**Directions for this task:** Below is a listing with pictures. Repeat exactly the lines starting at the one holding "將與J1聯賽相同的座位劃分及價格。" and going on through the one holding "For enthusiasts of", and leave every picture out.

**Records:**
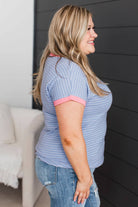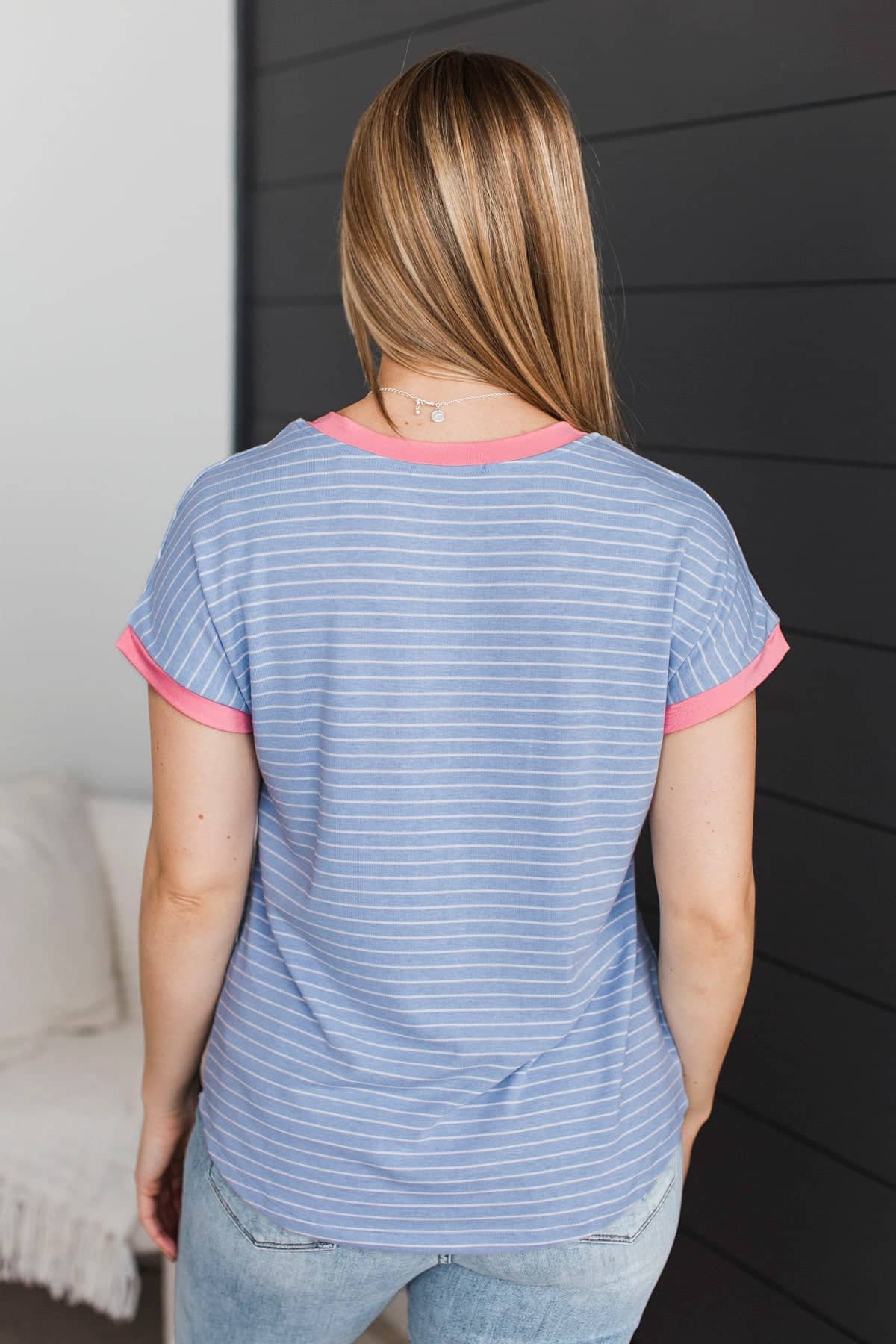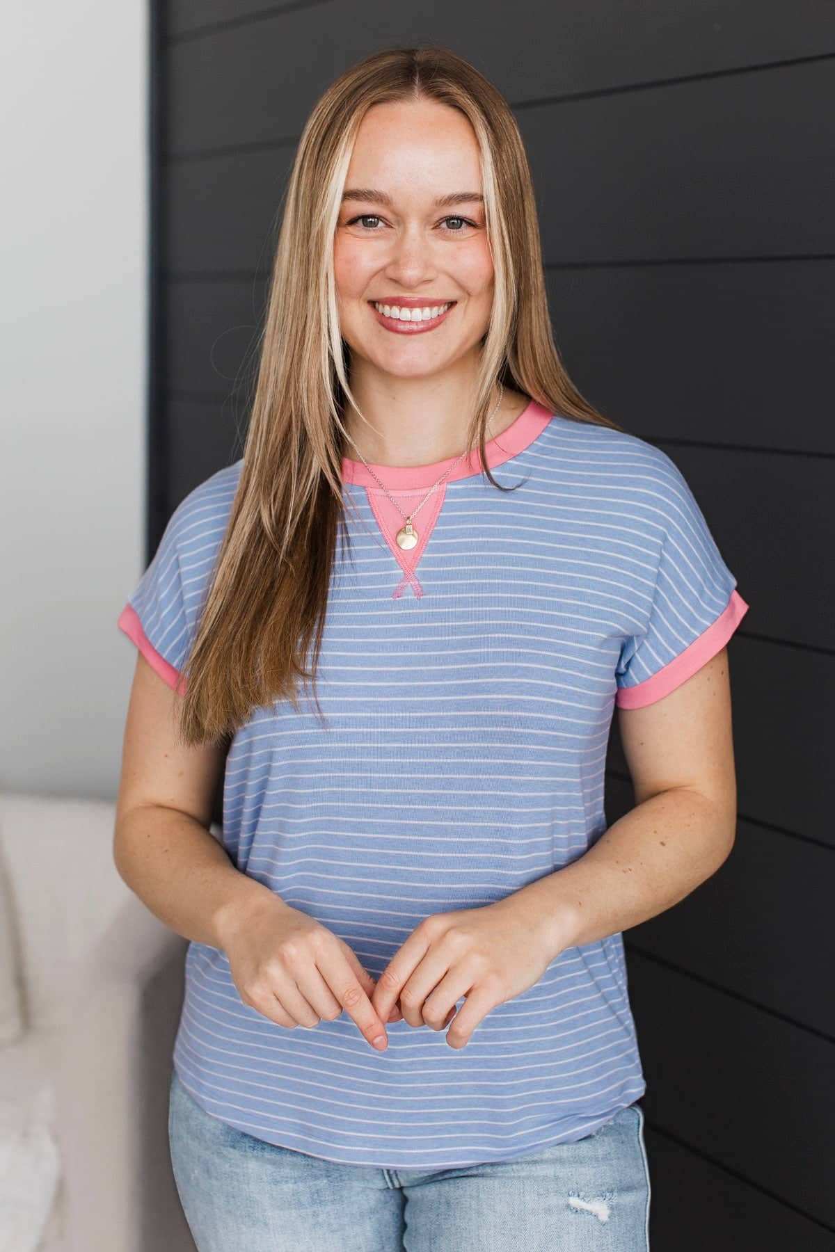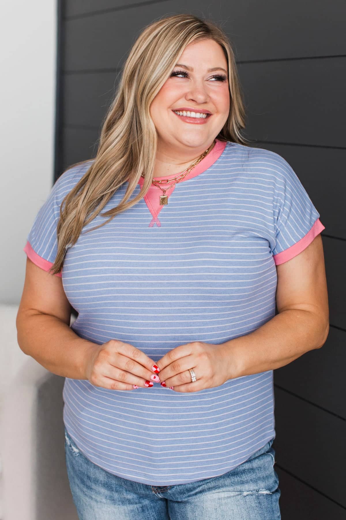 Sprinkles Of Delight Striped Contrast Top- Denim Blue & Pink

==

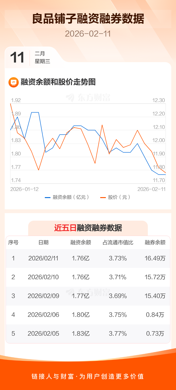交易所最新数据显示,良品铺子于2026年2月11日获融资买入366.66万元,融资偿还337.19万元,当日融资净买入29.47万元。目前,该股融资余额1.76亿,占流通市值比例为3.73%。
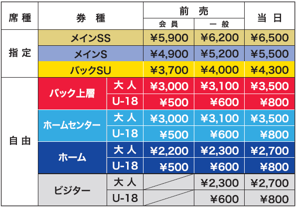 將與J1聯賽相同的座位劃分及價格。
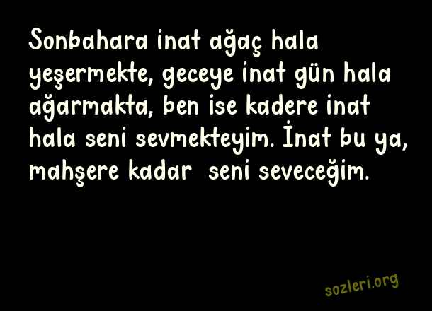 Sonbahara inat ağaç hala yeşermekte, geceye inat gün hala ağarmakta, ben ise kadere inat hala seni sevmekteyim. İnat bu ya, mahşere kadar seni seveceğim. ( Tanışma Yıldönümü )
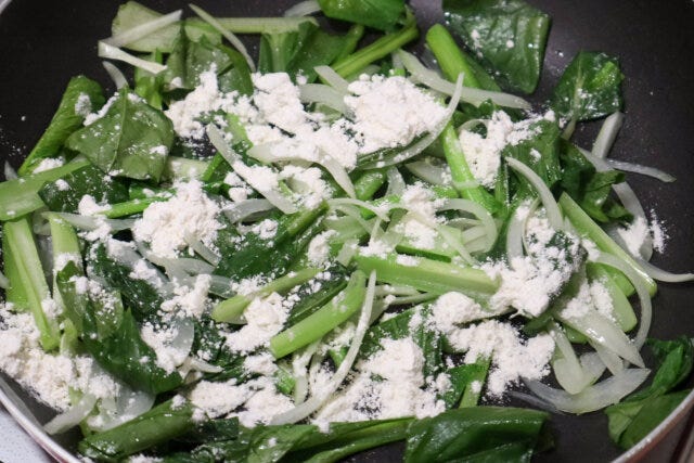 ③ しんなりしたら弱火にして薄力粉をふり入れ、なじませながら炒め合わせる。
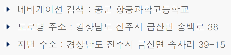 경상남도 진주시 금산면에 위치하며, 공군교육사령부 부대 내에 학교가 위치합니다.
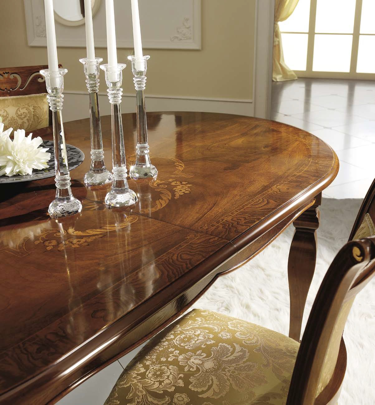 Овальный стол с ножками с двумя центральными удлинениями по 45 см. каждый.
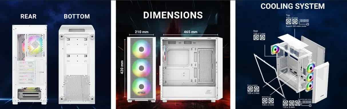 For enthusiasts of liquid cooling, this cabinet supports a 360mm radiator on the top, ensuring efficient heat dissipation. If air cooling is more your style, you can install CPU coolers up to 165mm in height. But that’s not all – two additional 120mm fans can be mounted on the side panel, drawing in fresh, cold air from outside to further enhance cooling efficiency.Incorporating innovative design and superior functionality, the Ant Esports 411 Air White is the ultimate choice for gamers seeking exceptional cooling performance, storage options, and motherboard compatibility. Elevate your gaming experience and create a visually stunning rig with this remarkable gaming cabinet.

**Exercise output:**
 將與J1聯賽相同的座位劃分及價格。
 Sonbahara inat ağaç hala yeşermekte, geceye inat gün hala ağarmakta, ben ise kadere inat hala seni sevmekteyim. İnat bu ya, mahşere kadar seni seveceğim. ( Tanışma Yıldönümü )
 ③ しんなりしたら弱火にして薄力粉をふり入れ、なじませながら炒め合わせる。
 경상남도 진주시 금산면에 위치하며, 공군교육사령부 부대 내에 학교가 위치합니다.
 Овальный стол с ножками с двумя центральными удлинениями по 45 см. каждый.
 For enthusiasts of liquid cooling, this cabinet supports a 360mm radiator on the top, ensuring efficient heat dissipation. If air cooling is more your style, you can install CPU coolers up to 165mm in height. But that’s not all – two additional 120mm fans can be mounted on the side panel, drawing in fresh, cold air from outside to further enhance cooling efficiency.Incorporating innovative design and superior functionality, the Ant Esports 411 Air White is the ultimate choice for gamers seeking exceptional cooling performance, storage options, and motherboard compatibility. Elevate your gaming experience and create a visually stunning rig with this remarkable gaming cabinet.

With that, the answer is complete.